- How to complete this task -
For this listing, reproduce the line with "Un rombo sordo", the line with "适合在进行模糊查的时候使用可", and the lines between, exactly as they stand. Leave out pictures and all other lines.

- Provided data -
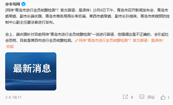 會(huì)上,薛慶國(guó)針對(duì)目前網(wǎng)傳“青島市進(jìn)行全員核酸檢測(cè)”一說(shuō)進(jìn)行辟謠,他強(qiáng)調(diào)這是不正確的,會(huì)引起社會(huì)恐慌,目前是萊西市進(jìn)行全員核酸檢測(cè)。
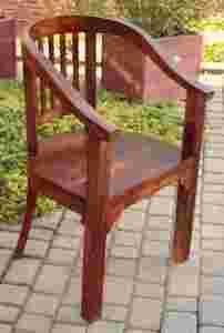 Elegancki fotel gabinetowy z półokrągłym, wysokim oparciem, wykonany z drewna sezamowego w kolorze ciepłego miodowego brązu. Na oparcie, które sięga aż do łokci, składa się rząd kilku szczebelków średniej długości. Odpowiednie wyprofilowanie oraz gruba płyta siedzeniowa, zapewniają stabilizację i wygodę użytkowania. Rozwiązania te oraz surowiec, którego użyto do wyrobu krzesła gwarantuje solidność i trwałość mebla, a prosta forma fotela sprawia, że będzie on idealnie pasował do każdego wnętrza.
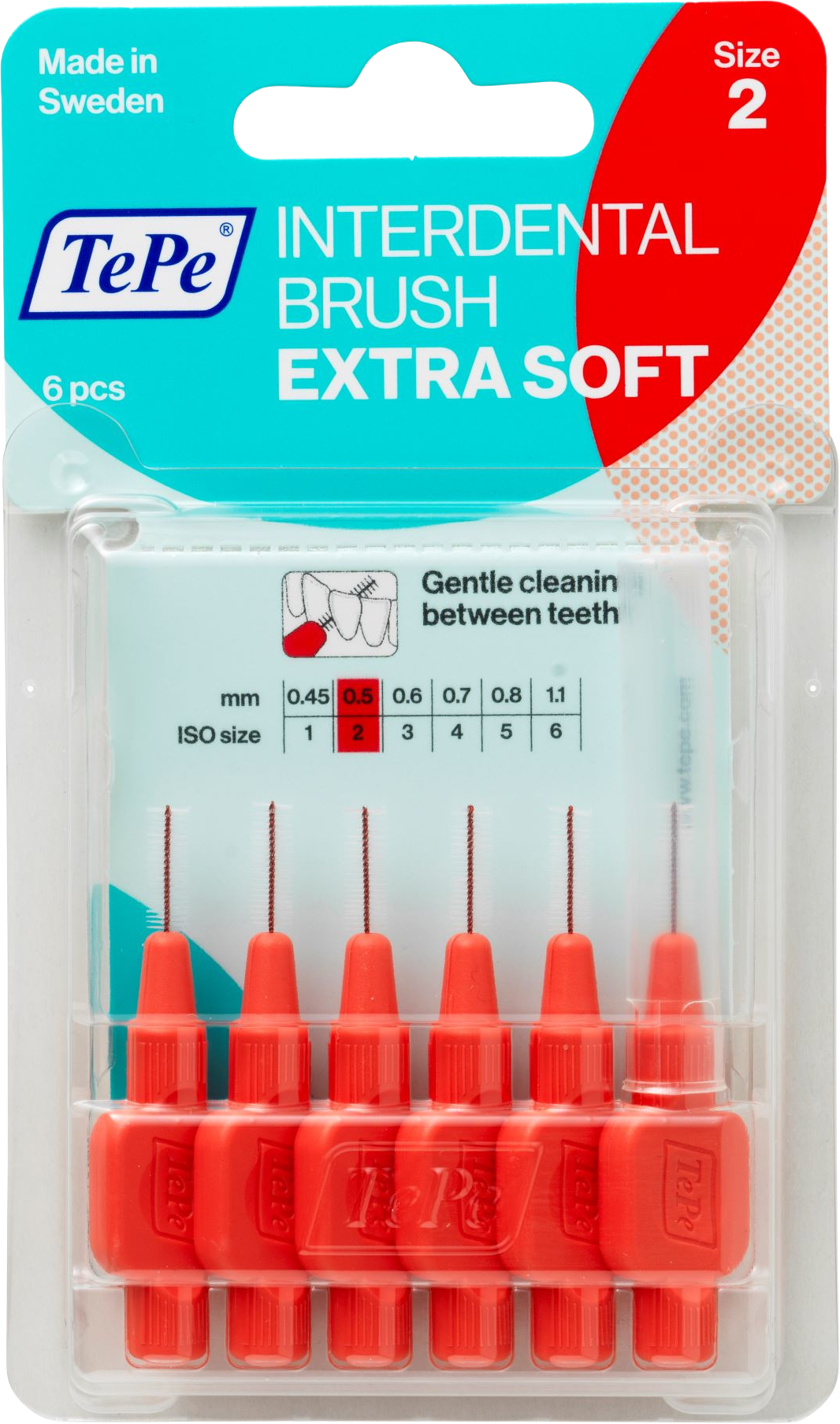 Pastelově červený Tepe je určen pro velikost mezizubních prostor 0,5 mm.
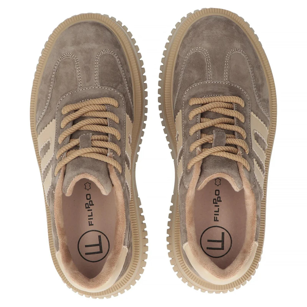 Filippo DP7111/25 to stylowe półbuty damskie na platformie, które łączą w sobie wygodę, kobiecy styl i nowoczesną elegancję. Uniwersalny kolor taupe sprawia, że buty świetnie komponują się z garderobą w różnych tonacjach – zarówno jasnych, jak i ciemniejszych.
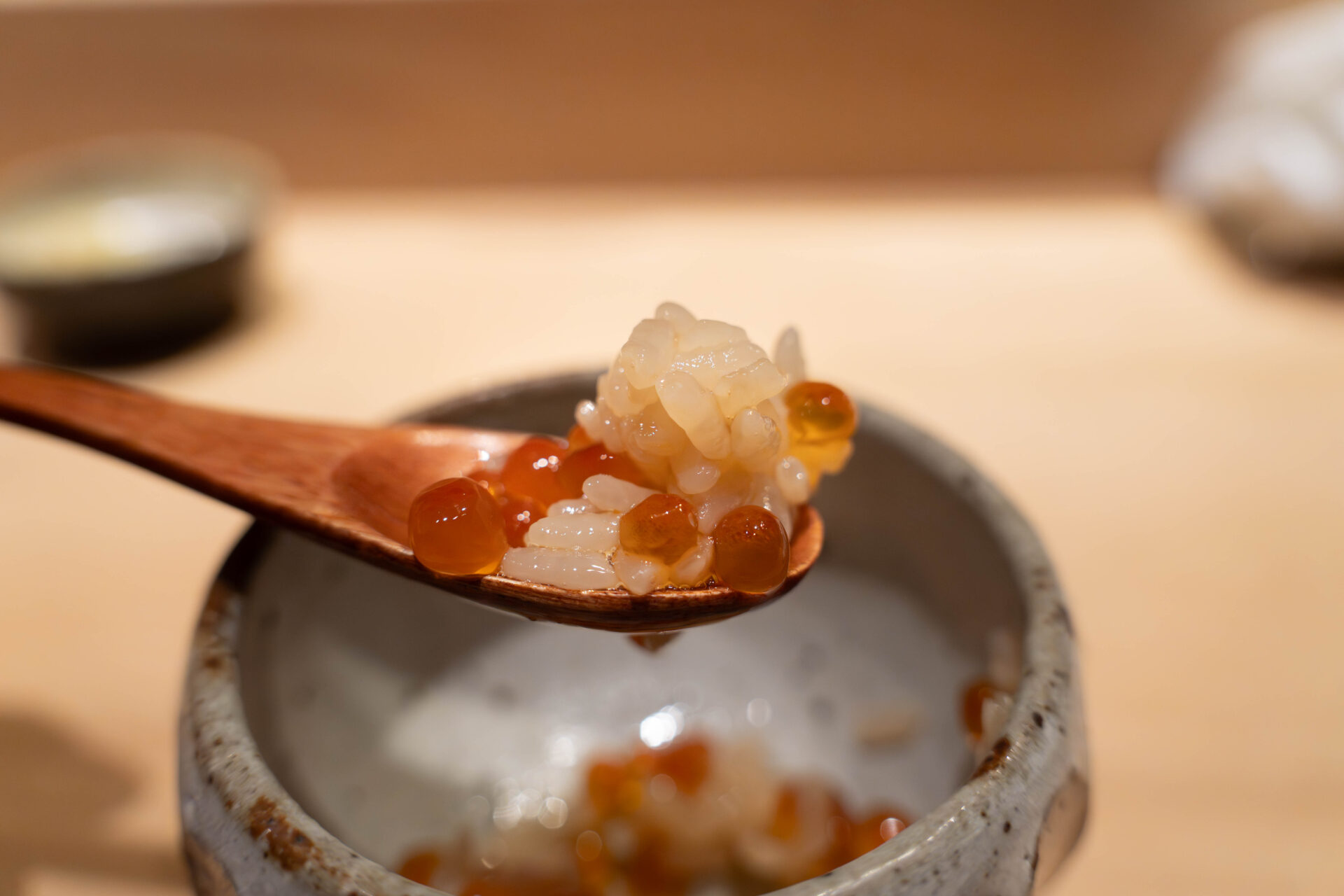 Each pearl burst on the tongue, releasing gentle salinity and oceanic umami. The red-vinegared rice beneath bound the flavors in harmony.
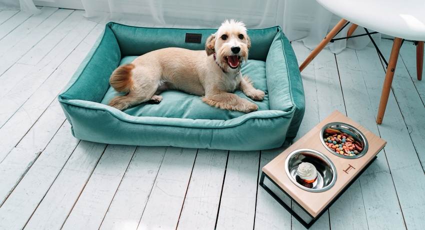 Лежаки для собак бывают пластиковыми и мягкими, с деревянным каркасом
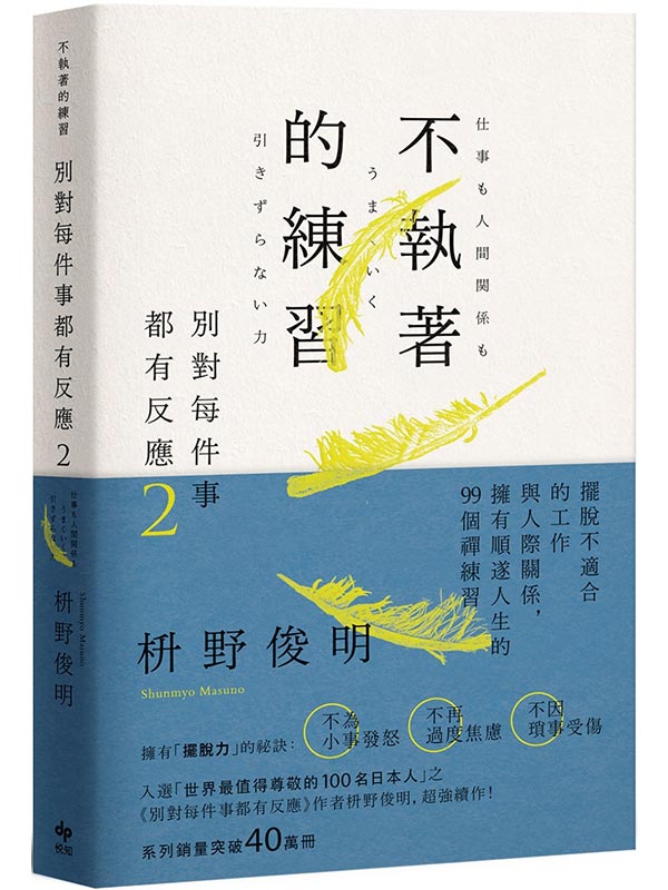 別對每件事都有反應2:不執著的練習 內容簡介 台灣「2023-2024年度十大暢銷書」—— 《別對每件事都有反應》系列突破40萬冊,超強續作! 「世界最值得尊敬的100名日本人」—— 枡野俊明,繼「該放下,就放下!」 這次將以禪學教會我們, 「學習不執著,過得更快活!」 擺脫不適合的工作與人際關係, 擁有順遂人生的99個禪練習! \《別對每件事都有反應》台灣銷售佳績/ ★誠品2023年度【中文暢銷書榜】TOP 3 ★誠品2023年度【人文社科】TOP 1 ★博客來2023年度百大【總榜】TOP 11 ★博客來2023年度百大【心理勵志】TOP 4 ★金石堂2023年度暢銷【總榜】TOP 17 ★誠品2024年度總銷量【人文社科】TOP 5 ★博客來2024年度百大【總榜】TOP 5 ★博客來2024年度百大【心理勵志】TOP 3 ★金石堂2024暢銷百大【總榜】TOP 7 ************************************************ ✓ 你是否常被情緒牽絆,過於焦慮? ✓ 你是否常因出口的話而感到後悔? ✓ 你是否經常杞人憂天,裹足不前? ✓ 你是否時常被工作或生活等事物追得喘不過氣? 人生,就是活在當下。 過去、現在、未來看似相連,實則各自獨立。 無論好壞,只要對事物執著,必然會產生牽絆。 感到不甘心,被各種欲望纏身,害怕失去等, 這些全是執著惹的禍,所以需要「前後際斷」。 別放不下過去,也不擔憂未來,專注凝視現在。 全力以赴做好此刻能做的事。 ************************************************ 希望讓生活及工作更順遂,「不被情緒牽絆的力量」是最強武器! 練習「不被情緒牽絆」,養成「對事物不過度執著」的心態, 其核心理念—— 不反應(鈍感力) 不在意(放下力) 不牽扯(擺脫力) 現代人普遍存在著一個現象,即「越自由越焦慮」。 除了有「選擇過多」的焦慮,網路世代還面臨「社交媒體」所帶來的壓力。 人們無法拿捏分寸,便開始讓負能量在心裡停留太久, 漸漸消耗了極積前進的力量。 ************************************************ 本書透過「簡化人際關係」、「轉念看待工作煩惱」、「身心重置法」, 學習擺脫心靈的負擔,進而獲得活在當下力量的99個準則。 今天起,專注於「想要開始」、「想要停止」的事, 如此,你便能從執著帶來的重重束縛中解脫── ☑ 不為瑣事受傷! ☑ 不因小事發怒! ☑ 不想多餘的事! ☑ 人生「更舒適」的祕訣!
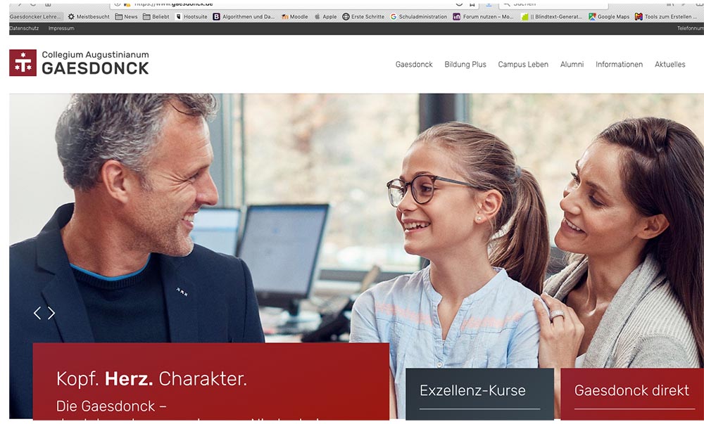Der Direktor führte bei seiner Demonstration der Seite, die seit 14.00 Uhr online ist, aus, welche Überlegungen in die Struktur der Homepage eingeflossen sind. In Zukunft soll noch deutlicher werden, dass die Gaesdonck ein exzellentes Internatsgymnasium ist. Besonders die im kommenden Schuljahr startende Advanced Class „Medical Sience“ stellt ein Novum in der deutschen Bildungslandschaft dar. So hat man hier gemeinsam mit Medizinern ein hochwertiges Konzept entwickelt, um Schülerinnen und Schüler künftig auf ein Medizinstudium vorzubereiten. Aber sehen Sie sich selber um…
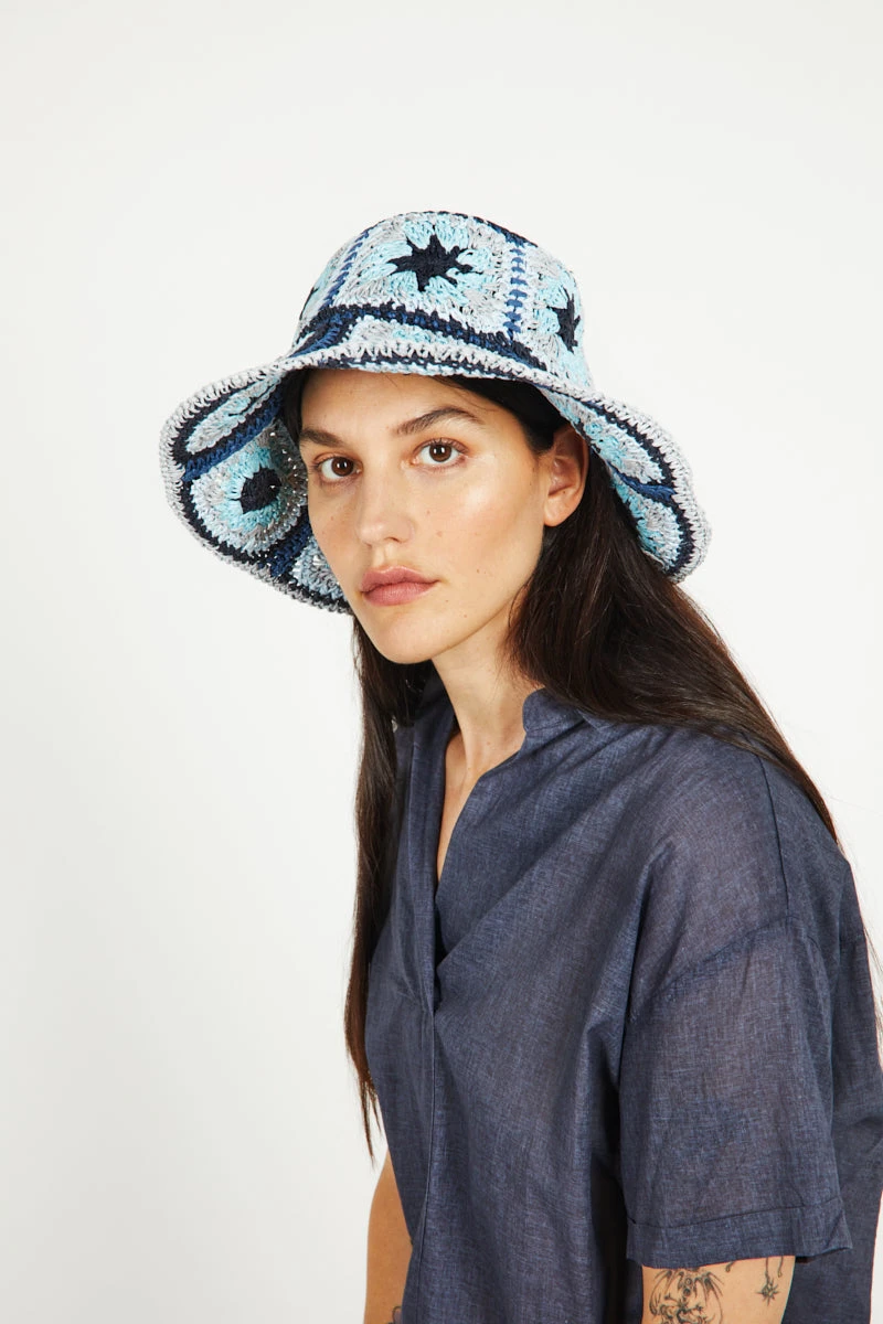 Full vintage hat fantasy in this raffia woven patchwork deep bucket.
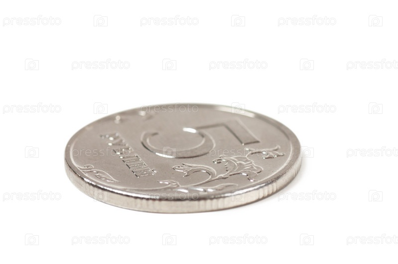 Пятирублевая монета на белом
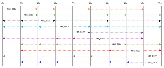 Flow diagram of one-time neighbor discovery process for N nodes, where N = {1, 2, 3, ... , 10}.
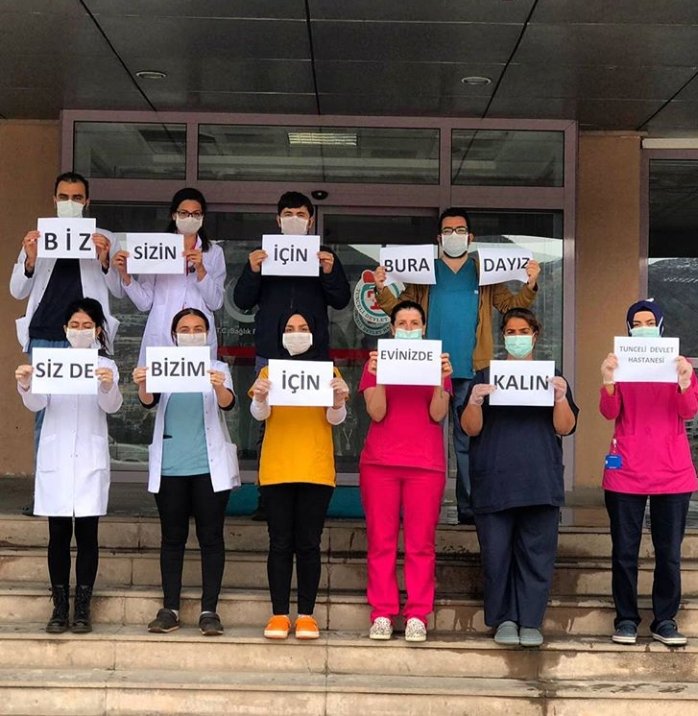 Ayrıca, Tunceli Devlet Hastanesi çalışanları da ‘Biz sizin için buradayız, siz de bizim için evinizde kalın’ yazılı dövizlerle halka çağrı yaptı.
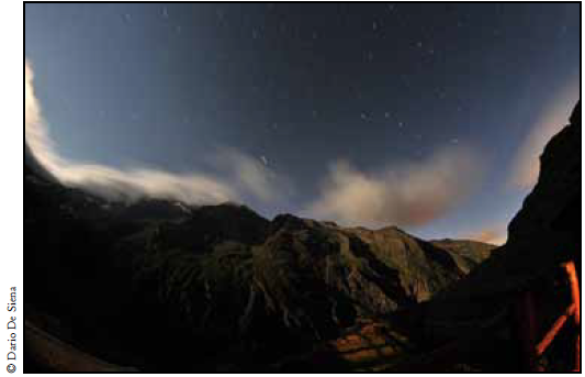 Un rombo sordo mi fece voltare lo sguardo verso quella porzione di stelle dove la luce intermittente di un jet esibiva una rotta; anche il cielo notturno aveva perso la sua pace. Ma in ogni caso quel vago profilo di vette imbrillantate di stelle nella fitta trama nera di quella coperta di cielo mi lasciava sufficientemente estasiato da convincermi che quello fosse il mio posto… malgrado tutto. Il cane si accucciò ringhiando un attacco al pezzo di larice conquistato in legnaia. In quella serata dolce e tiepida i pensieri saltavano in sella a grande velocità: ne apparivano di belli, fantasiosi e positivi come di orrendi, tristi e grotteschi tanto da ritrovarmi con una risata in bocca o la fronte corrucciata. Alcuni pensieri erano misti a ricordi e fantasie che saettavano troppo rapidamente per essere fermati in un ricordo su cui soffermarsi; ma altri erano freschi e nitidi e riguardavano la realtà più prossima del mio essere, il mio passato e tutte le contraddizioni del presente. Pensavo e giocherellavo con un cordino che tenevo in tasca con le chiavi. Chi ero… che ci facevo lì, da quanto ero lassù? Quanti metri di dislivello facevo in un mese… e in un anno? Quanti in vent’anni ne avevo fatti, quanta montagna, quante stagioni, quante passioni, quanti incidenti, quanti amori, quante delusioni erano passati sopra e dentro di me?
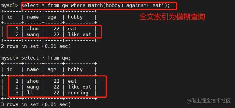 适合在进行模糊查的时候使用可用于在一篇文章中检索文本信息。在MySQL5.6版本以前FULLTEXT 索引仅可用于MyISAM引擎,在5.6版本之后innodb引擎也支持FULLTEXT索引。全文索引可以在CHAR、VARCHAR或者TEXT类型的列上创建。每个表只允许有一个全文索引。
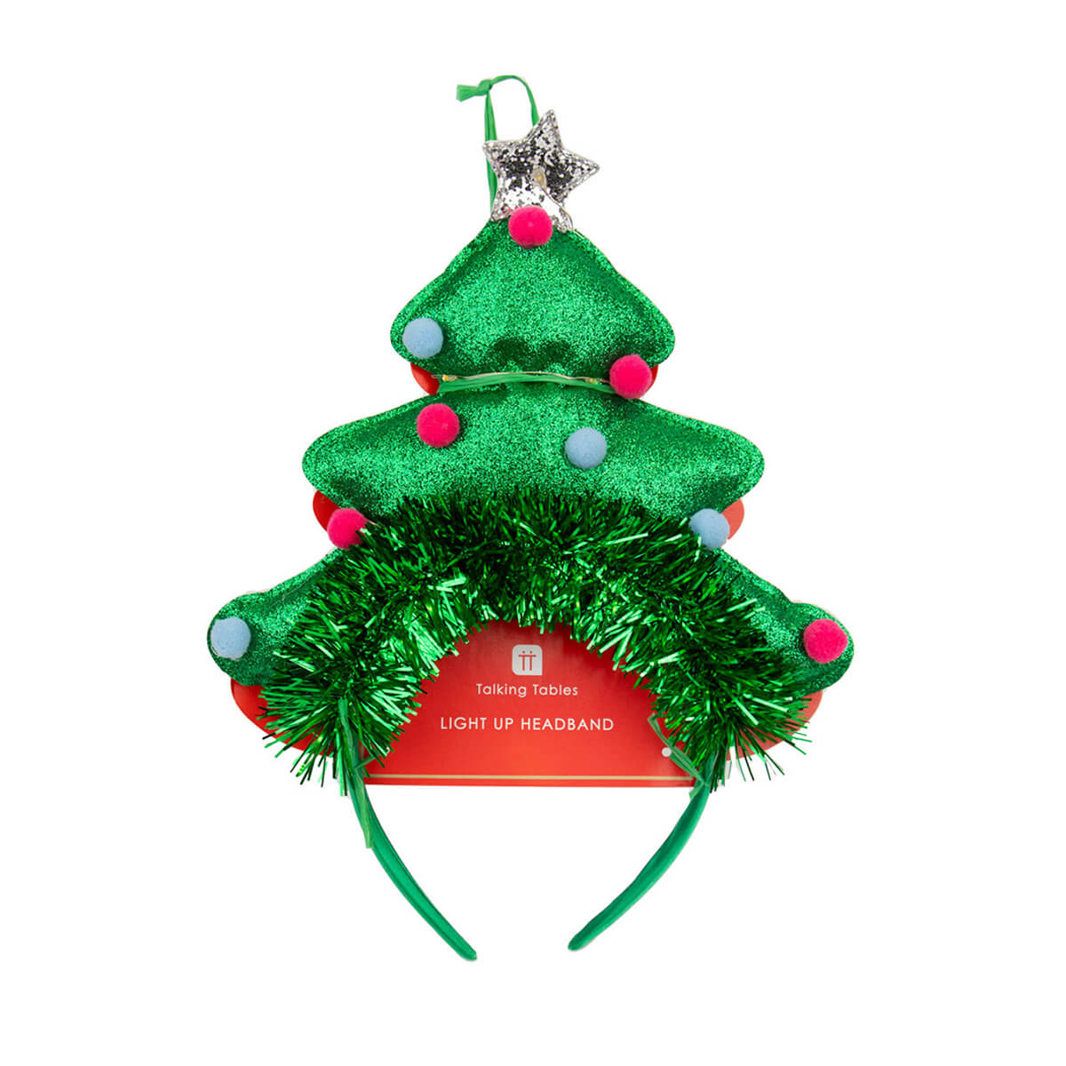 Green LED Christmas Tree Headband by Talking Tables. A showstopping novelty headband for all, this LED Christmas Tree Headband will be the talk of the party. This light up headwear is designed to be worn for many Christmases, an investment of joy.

- Solution -
 Un rombo sordo mi fece voltare lo sguardo verso quella porzione di stelle dove la luce intermittente di un jet esibiva una rotta; anche il cielo notturno aveva perso la sua pace. Ma in ogni caso quel vago profilo di vette imbrillantate di stelle nella fitta trama nera di quella coperta di cielo mi lasciava sufficientemente estasiato da convincermi che quello fosse il mio posto… malgrado tutto. Il cane si accucciò ringhiando un attacco al pezzo di larice conquistato in legnaia. In quella serata dolce e tiepida i pensieri saltavano in sella a grande velocità: ne apparivano di belli, fantasiosi e positivi come di orrendi, tristi e grotteschi tanto da ritrovarmi con una risata in bocca o la fronte corrucciata. Alcuni pensieri erano misti a ricordi e fantasie che saettavano troppo rapidamente per essere fermati in un ricordo su cui soffermarsi; ma altri erano freschi e nitidi e riguardavano la realtà più prossima del mio essere, il mio passato e tutte le contraddizioni del presente. Pensavo e giocherellavo con un cordino che tenevo in tasca con le chiavi. Chi ero… che ci facevo lì, da quanto ero lassù? Quanti metri di dislivello facevo in un mese… e in un anno? Quanti in vent’anni ne avevo fatti, quanta montagna, quante stagioni, quante passioni, quanti incidenti, quanti amori, quante delusioni erano passati sopra e dentro di me?
 适合在进行模糊查的时候使用可用于在一篇文章中检索文本信息。在MySQL5.6版本以前FULLTEXT 索引仅可用于MyISAM引擎,在5.6版本之后innodb引擎也支持FULLTEXT索引。全文索引可以在CHAR、VARCHAR或者TEXT类型的列上创建。每个表只允许有一个全文索引。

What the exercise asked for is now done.